Let’s listen to the poet, Richard Lahert:
Then lithe as mountain hare –
‘And that is not a vaunt –
James Treacy grabbed the proctor,
Saying: ‘This is the man we want!’
A peeler grabbed the proctor back,
’Twas but a brief respite,
For Butler’s skull was broken
By rock and mallet smite.
Pitchfork, scythe and hurley
Were used to maim and kill
In that brief but savage battle
That makes one shudder still.’
Hardy folk, those Kilkenny people, then and now; we won’t go into the details here, but suffice to say that it made quite an impression at the time, and nearly a century later, 1927, when the people of that area were looking for a name for their local GAA club, they went for Carrickshock.
“It’s actually only a little townland itself, Carrickshock,” says Richie Power senior, one of the most famous modern names to emerge from the club; “It’s just outside of Hugginstown, and there are two other villages, Stoneyford and Newmarket. But they took the name to commemorate the battle.”
They also took the monument which was built on the spot of the battle as their club crest, and it’s still there to this day – folk memory.

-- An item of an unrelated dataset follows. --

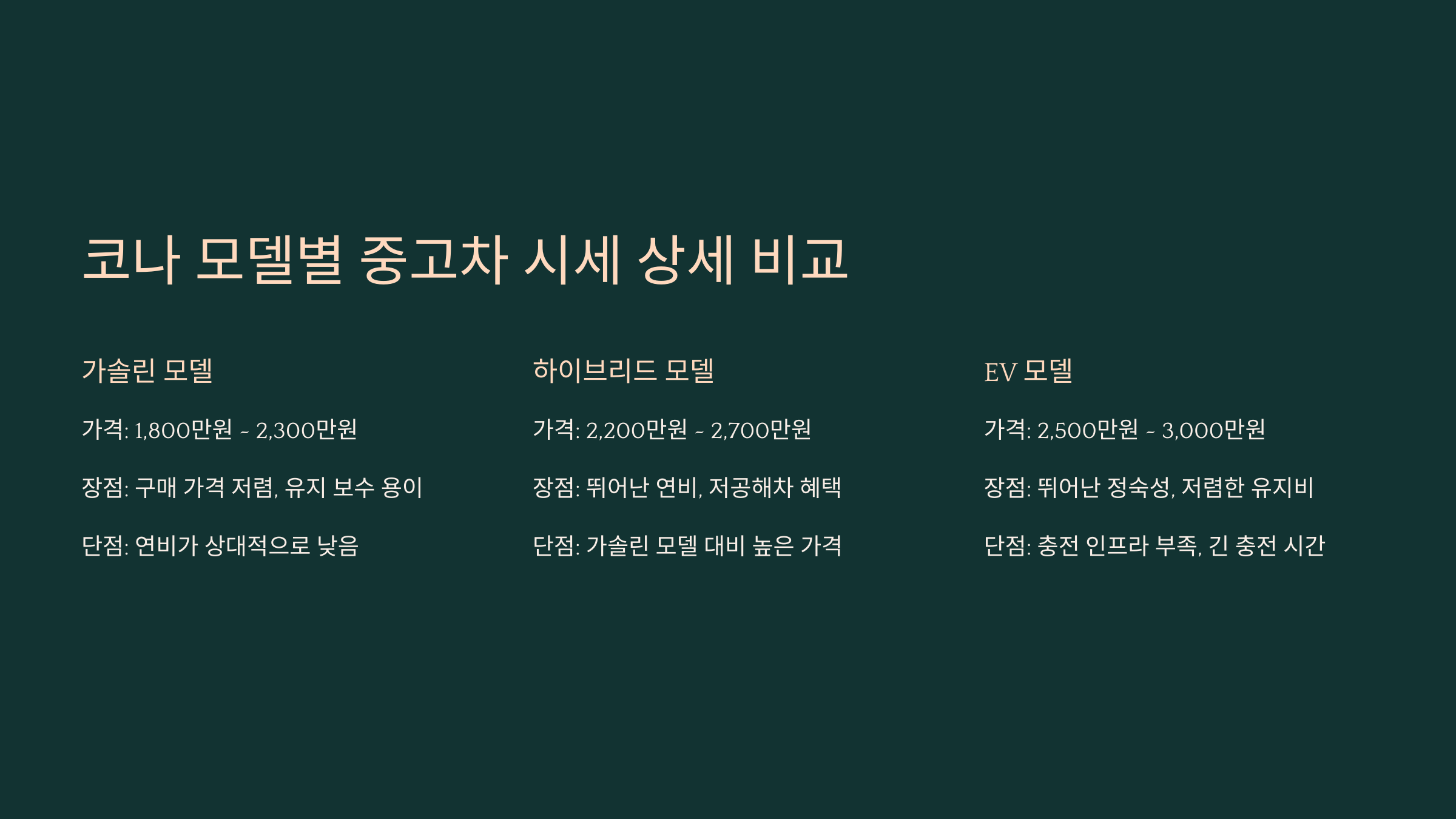 3. 코나 모델별 중고차 시세 상세 비교: 하이브리드 vs EV vs 가솔린

Oddly enough, however, though there is still an awareness in the area of events from way back then, 1831, this is far less the case when it comes to the great hurling teams of the 30s and 40s.
Even Richie himself, so synonymous with the club, winner of two All Star awards during his own playing days with Kilkenny, a couple of All-Ireland senior titles also, was surprised when informed of the statistics from that era. “Is that so?” was his reaction; “The funny thing is that it isn’t really spoken about in the club these days. It’s only now that we’re back in another final that it’s all coming out again.
“You see back then we weren’t a genuine parish team. There was no such thing as ‘parish rule’ in Kilkenny at the time, and that team was an amalgamation of a few parishes. We’d have had only five or six from our own parish – they were from everywhere.”
Well, it’s all Carrickshock now, including three of Richie’s sons – Jamie, Richie junior and John – and the place is alive again, huge excitement generated at the prospect of a first senior title in over half a century. In their way, however, the considerable presence of an O’Loughlin Gaels team that ended the fantastic run of four-in-a-row Ballyhale Shamrocks in the semi-final, a team powered by Martin Comerford and sharpshooting Maurice Nolan.
“This is O’Loughlin’s sixth final in eleven years,” says a wary Richie Power, “So they’re the ones with all the experience; they were also the one team snapping at the Shamrocks for the last few years.”
But Carrickshock have a a real chance, and they have that deep well from which to draw. Memory, powerful memory.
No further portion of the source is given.